### About this exercise
Range to copy from the entries below: the line containing "Centro Civico >" through the line containing "FIGURE 1.1. Schematic", inclusive. Retype only those lines, exactly, without any images.

### Data to process
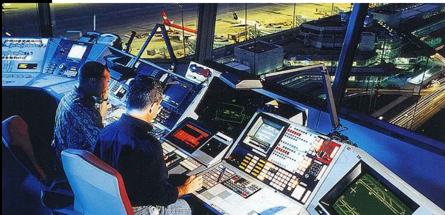
Without knowledge updates, can pilots fly?

At a nominal cost, you could build bridges with print, electronic, radio and internet journalists.
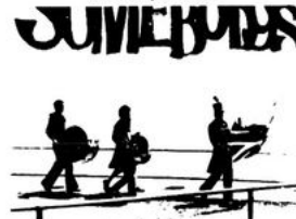
• The Chelsea Set did a few monoculars before they settled down to play some groovy-type pop music.
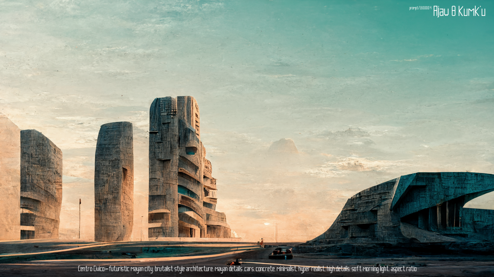
Centro Civico > futuristic mayan city, brutalist style architecture, mayan details, cars, concrete, minimalist, hyper realist, high details, soft morning light, aspect ratio
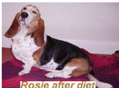
Rosie after diet
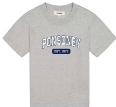
SCHOOL VARSITY TEE $40
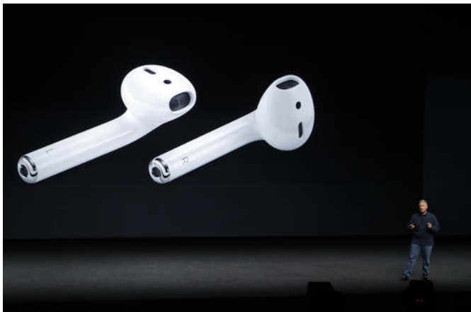
Phil Schiller, Apple's senior vice president of worldwide marketing, talks about the features on the new iPhone 7 earphone options during an event to announce new products, Wednesday, Sept. 7, 2016, in San Francisco.

The result allows a "seamless connection between you and your devices," said Apple chief design officer Jony Ive in a promotional video. "We're just at the beginning of a truly wireless future we've been working towards for many years."
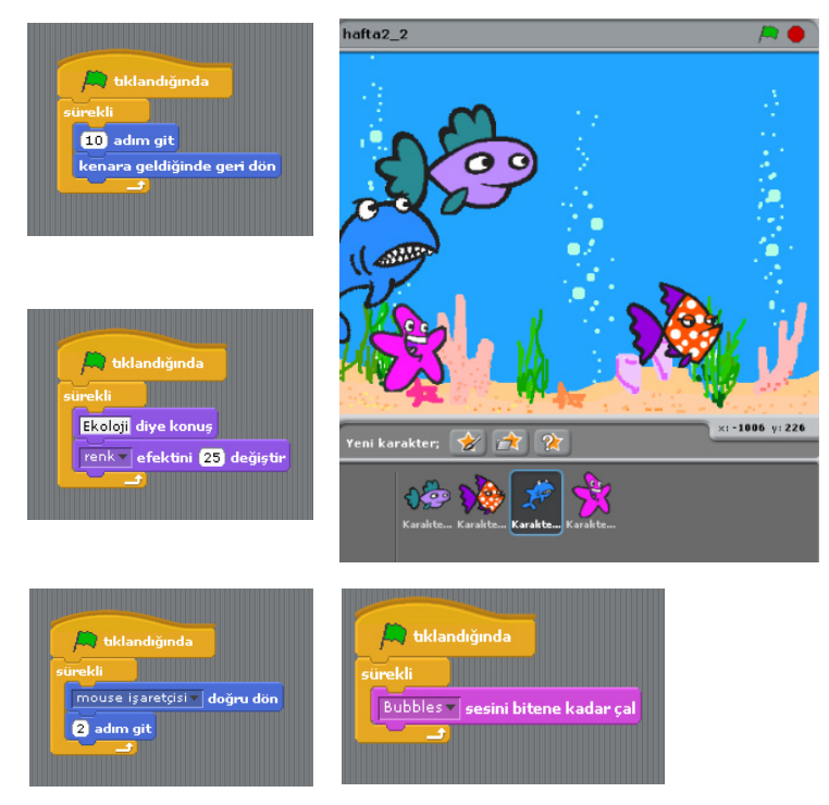
Fig. 3. Screen captures from Aquarium program.
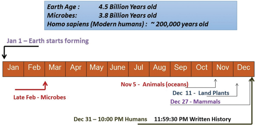
FIGURE 1.1. Schematic Representation of Earth's Age as a 12-Month Calendar.

ological adaptions include the circularization of the bacterial cells during stress conditions, the accumulation of nutrient storage molecules during periods of starvation and the switching on of stress response genes when exposed to stress conditions. Today, we know that microbes outnumber humans on this planet by unimaginable numbers. The human population is approximately 7.4 billion (or, in other words, 7.4 \times 10^9 humans). There are more microorganisms than this number in just one gram of human feces! Even on a single human body, microbes are thought to outnumber human cells by a factor of 10. Thus, it is not surprising that microbes continually influence human and animal health. Many of these microbial populations are opportunistic pathogens and under the right circumstances proliferate and cause disease (ILSI, 1996). There are a number of excellent books and review articles that detail the nuances between opportunistic pathogens, commensals, and frank pathogens (Abt and Artis, 2013; Behar and Louzoun, 2015; Packey and Sartor, 2009).

### Output for this exercise
Centro Civico > futuristic mayan city, brutalist style architecture, mayan details, cars, concrete, minimalist, hyper realist, high details, soft morning light, aspect ratio
Rosie after diet
SCHOOL VARSITY TEE $40
Phil Schiller, Apple's senior vice president of worldwide marketing, talks about the features on the new iPhone 7 earphone options during an event to announce new products, Wednesday, Sept. 7, 2016, in San Francisco.

The result allows a "seamless connection between you and your devices," said Apple chief design officer Jony Ive in a promotional video. "We're just at the beginning of a truly wireless future we've been working towards for many years."
Fig. 3. Screen captures from Aquarium program.
FIGURE 1.1. Schematic Representation of Earth's Age as a 12-Month Calendar.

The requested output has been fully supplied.